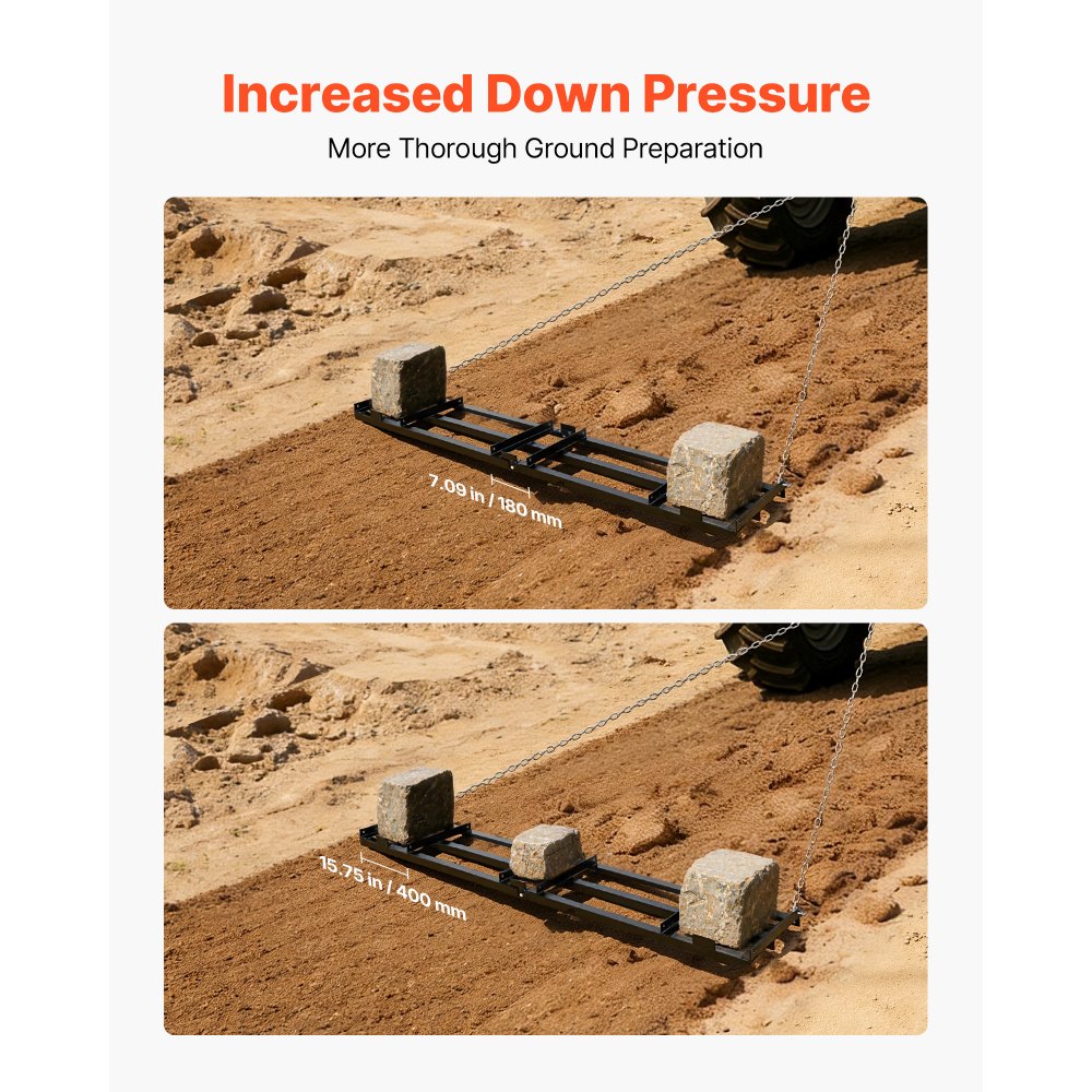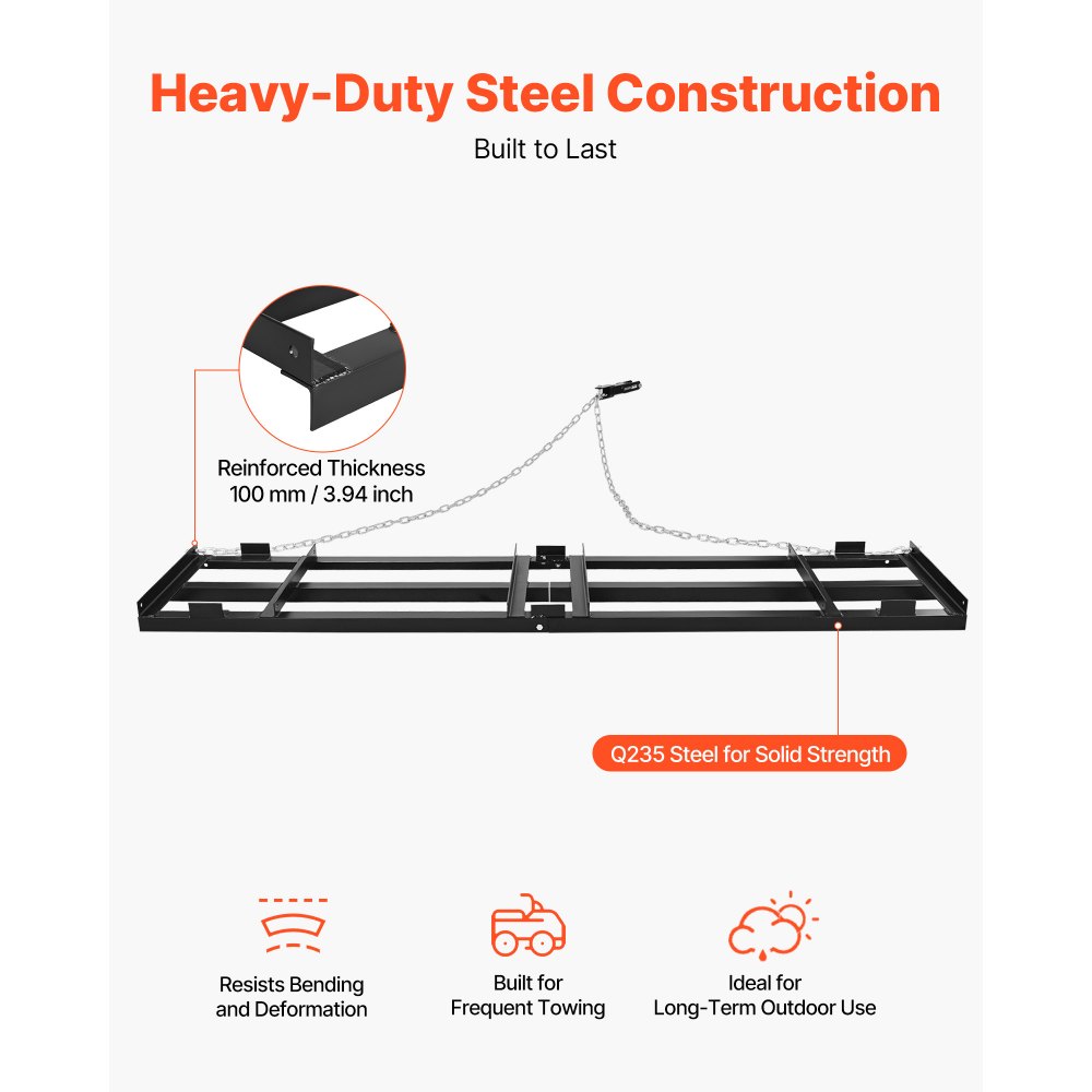 Υψηλής Απόδοσης Ισοπέδωση: Αυτή η σβάρνα έλξης χρησιμοποιεί σχεδιασμό με αλυσίδα σε συνδυασμό με ένα ανθεκτικό ατσάλινο πλαίσιο για να παραμένει σταθερά γειωμένο, λειαίνοντας γρήγορα αυλακώσεις και ανώμαλα σημεία. Μπορεί να εφαρμοστεί πρόσθετο βάρος για την αύξηση της κάθετης δύναμης για ταχύτερα και πιο συμπαγή αποτελέσματα ισοπέδωσης. Βαρέως τύπου κατασκευή από χάλυβα: Κατασκευασμένη από χάλυβα υψηλής αντοχής με ενισχυμένη φέρουσα δομή, αυτή η τσουγκράνα σβάρνας σε συνδυασμό με ρυμούλκηση με αλυσίδα προσφέρει σταθερό τράβηγμα και μακροχρόνια ανθεκτικότητα. Είναι ιδανική για δρόμους, γκαζόν και συντήρηση αγροκτημάτων. Ευρεία Κάλυψη, Υψηλότερη Απόδοση: Με μεγάλο πλάτος εργασίας και συμπαγές ίδιο βάρος, αυτή η σβάρνα ρυμούλκησης λειτουργεί ομαλά με ευέλικτη ρυμούλκηση αλυσίδας για μείωση των περασμάτων μπρος-πίσω και εξοικονόμηση χρόνου και προσπάθειας. Εύκολη συναρμολόγηση: Απλώς στερεώστε τις εγκάρσιες ράβδους και τις αλυσίδες βήμα προς βήμα. Αυτή η σβάρνα με έλξη είναι εύκολη στη συναρμολόγηση, ακόμη και για αρχάριους. Ευέλικτες εφαρμογές: Σχεδιασμένο για να λειτουργεί με ATV, UTV, χλοοκοπτικά τρακτέρ και συμπαγή τρακτέρ, αυτό το συρόμενο ισοπεδωτικό γκαζόν με τσουγκράνα χειρίζεται ισοπέδωση και συντήρηση εδάφους όλο το χρόνο με ένα απλό εργαλείο.
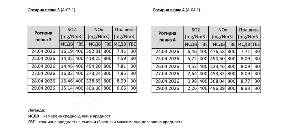 Емисиите од работата на ТИТАН УСЈЕ постојано се под граничните вредности определени со Закон
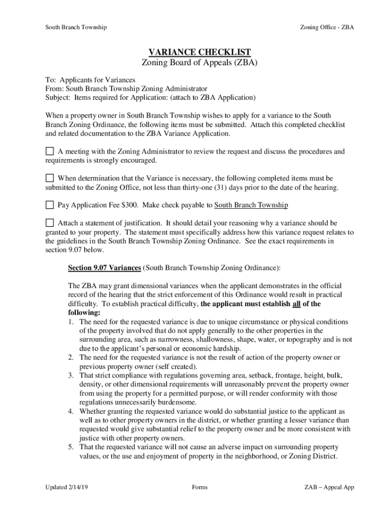 South Branch TownshipZoning Office VARIANCE CHECKLIST Zoning Board of Appeals (CBA) To: Applicants for Variances From: South Branch Township Zoning Administrator Subject: Items required for Application:
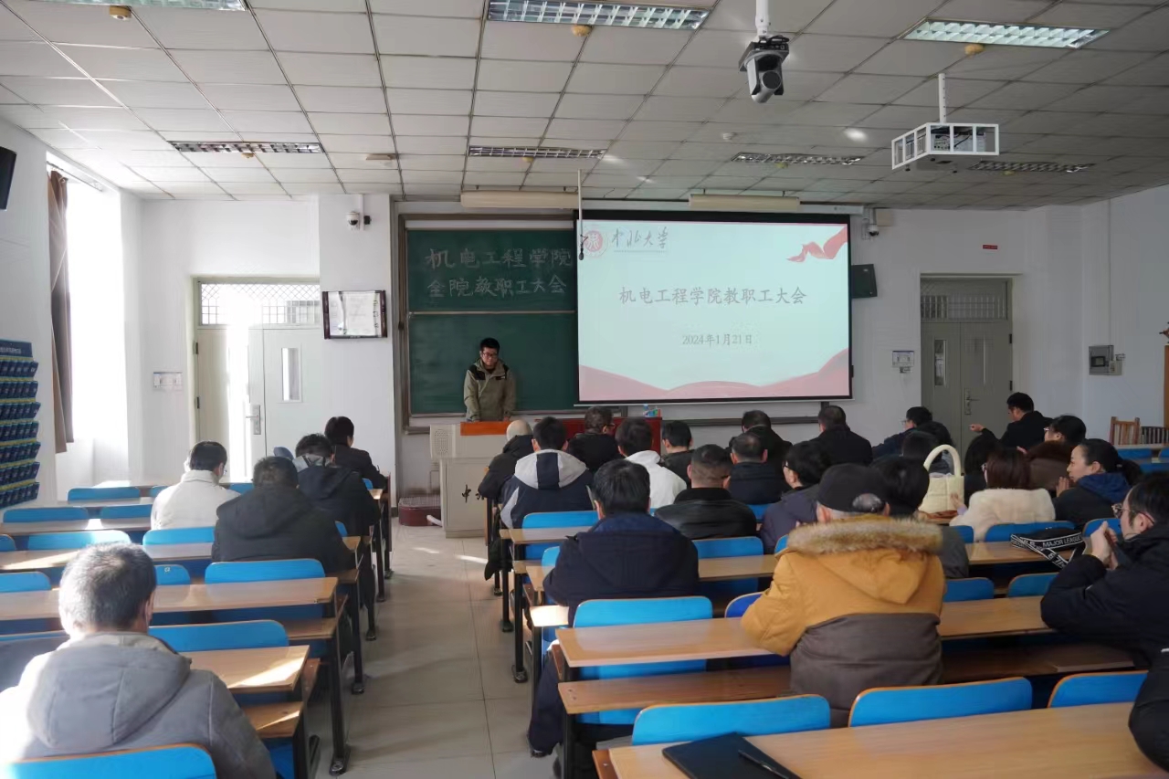 在11205H教室召开期末全院教职工大会,全体教职工参加了本次会议。会议由院党委书记赵永娟主持。
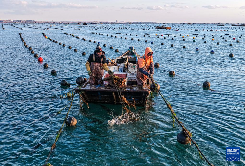 11月19日,在山東省榮成市愛倫灣海帶養殖區,工人進行海帶播苗作業(無人機照片)。(新華社發 楊志禮 攝)
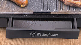 A subtle tilt channels excess oil and grease into the integrated drip tray, promoting healthier cooking while keeping the grill neat and simple to maintain.
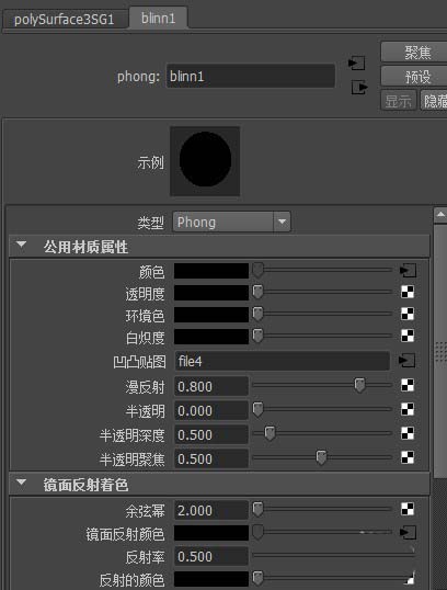 2、给模型添加blinn材质球,参考图片设置为模型添加漫反射贴图、凹凸贴图和高光贴图;
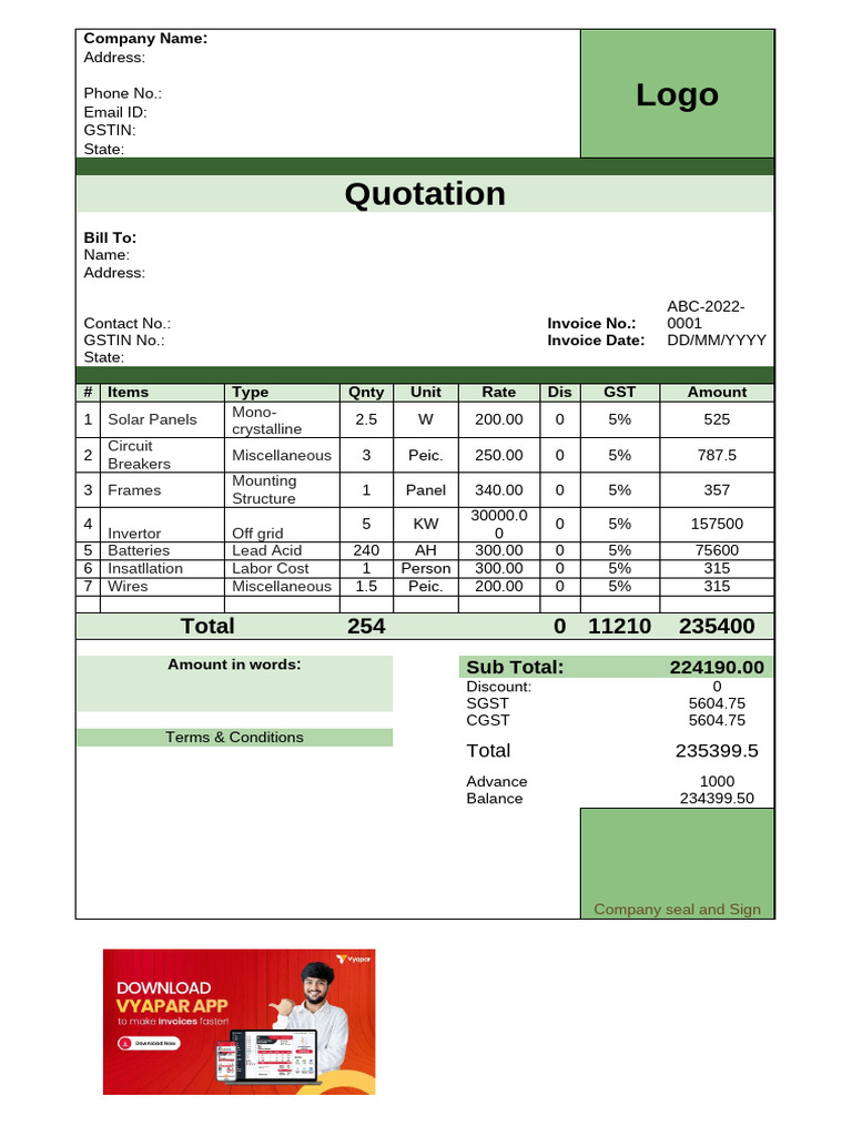 Solar Panel Quotation and Invoice Template | PDF | Finance & Money ...
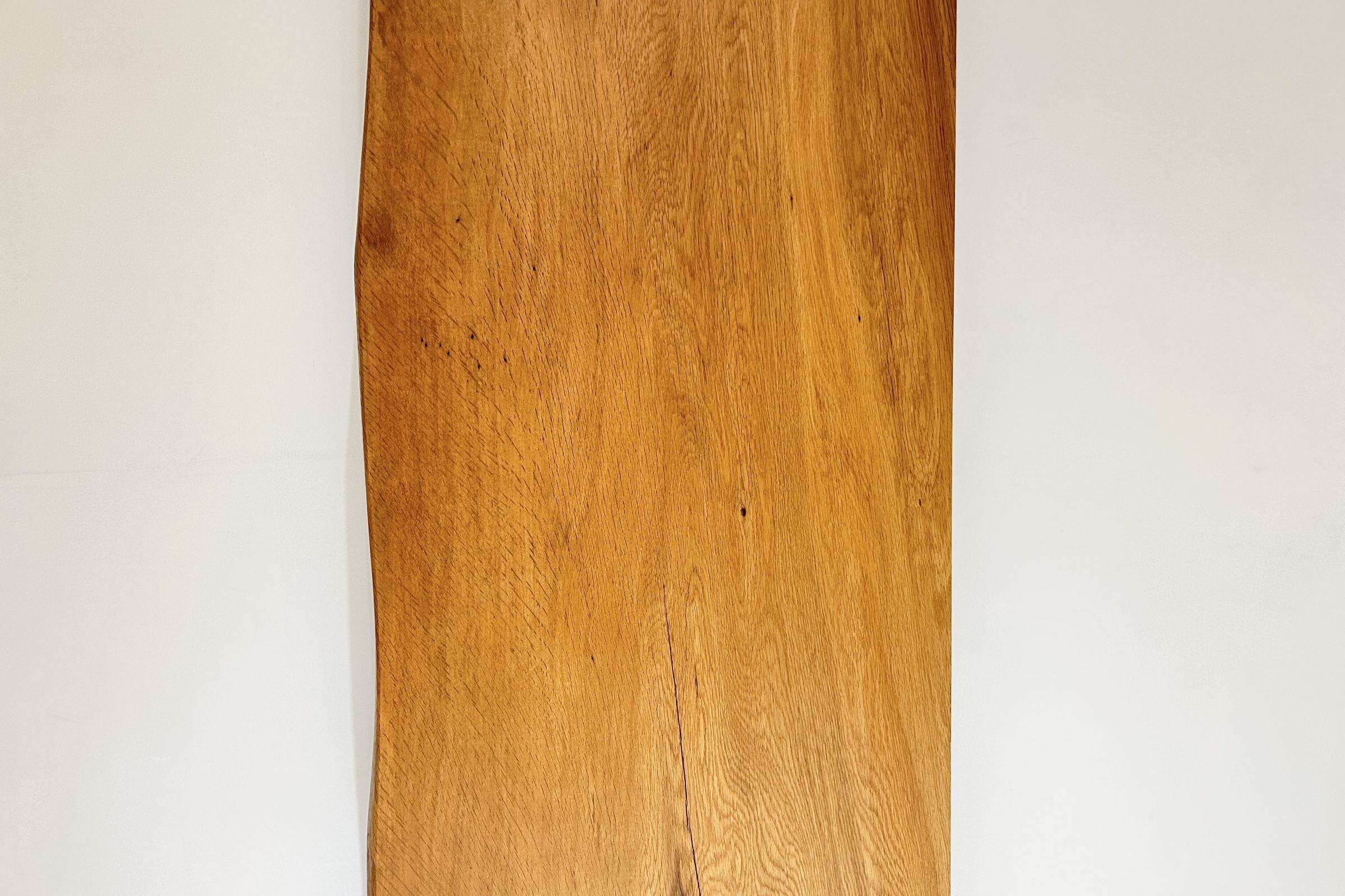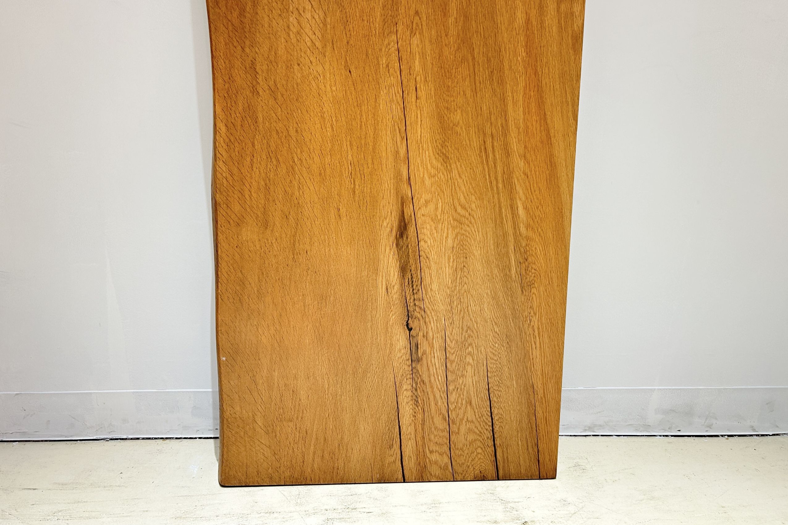 ナラ材としては比較的濃いめの色合いで、素朴でナチュラル感いっぱいの一枚板です。
------------------------------------------------------------
## WHAT TO DO
For this exercise, transcribe the entries above exactly, without any pictures.

## OUTPUT OF THE TASK
 Υψηλής Απόδοσης Ισοπέδωση: Αυτή η σβάρνα έλξης χρησιμοποιεί σχεδιασμό με αλυσίδα σε συνδυασμό με ένα ανθεκτικό ατσάλινο πλαίσιο για να παραμένει σταθερά γειωμένο, λειαίνοντας γρήγορα αυλακώσεις και ανώμαλα σημεία. Μπορεί να εφαρμοστεί πρόσθετο βάρος για την αύξηση της κάθετης δύναμης για ταχύτερα και πιο συμπαγή αποτελέσματα ισοπέδωσης. Βαρέως τύπου κατασκευή από χάλυβα: Κατασκευασμένη από χάλυβα υψηλής αντοχής με ενισχυμένη φέρουσα δομή, αυτή η τσουγκράνα σβάρνας σε συνδυασμό με ρυμούλκηση με αλυσίδα προσφέρει σταθερό τράβηγμα και μακροχρόνια ανθεκτικότητα. Είναι ιδανική για δρόμους, γκαζόν και συντήρηση αγροκτημάτων. Ευρεία Κάλυψη, Υψηλότερη Απόδοση: Με μεγάλο πλάτος εργασίας και συμπαγές ίδιο βάρος, αυτή η σβάρνα ρυμούλκησης λειτουργεί ομαλά με ευέλικτη ρυμούλκηση αλυσίδας για μείωση των περασμάτων μπρος-πίσω και εξοικονόμηση χρόνου και προσπάθειας. Εύκολη συναρμολόγηση: Απλώς στερεώστε τις εγκάρσιες ράβδους και τις αλυσίδες βήμα προς βήμα. Αυτή η σβάρνα με έλξη είναι εύκολη στη συναρμολόγηση, ακόμη και για αρχάριους. Ευέλικτες εφαρμογές: Σχεδιασμένο για να λειτουργεί με ATV, UTV, χλοοκοπτικά τρακτέρ και συμπαγή τρακτέρ, αυτό το συρόμενο ισοπεδωτικό γκαζόν με τσουγκράνα χειρίζεται ισοπέδωση και συντήρηση εδάφους όλο το χρόνο με ένα απλό εργαλείο.
 Емисиите од работата на ТИТАН УСЈЕ постојано се под граничните вредности определени со Закон
 South Branch TownshipZoning Office VARIANCE CHECKLIST Zoning Board of Appeals (CBA) To: Applicants for Variances From: South Branch Township Zoning Administrator Subject: Items required for Application:
 在11205H教室召开期末全院教职工大会,全体教职工参加了本次会议。会议由院党委书记赵永娟主持。
 11月19日,在山東省榮成市愛倫灣海帶養殖區,工人進行海帶播苗作業(無人機照片)。(新華社發 楊志禮 攝)
 A subtle tilt channels excess oil and grease into the integrated drip tray, promoting healthier cooking while keeping the grill neat and simple to maintain.
 2、给模型添加blinn材质球,参考图片设置为模型添加漫反射贴图、凹凸贴图和高光贴图;
 Solar Panel Quotation and Invoice Template | PDF | Finance & Money ...
 ナラ材としては比較的濃いめの色合いで、素朴でナチュラル感いっぱいの一枚板です。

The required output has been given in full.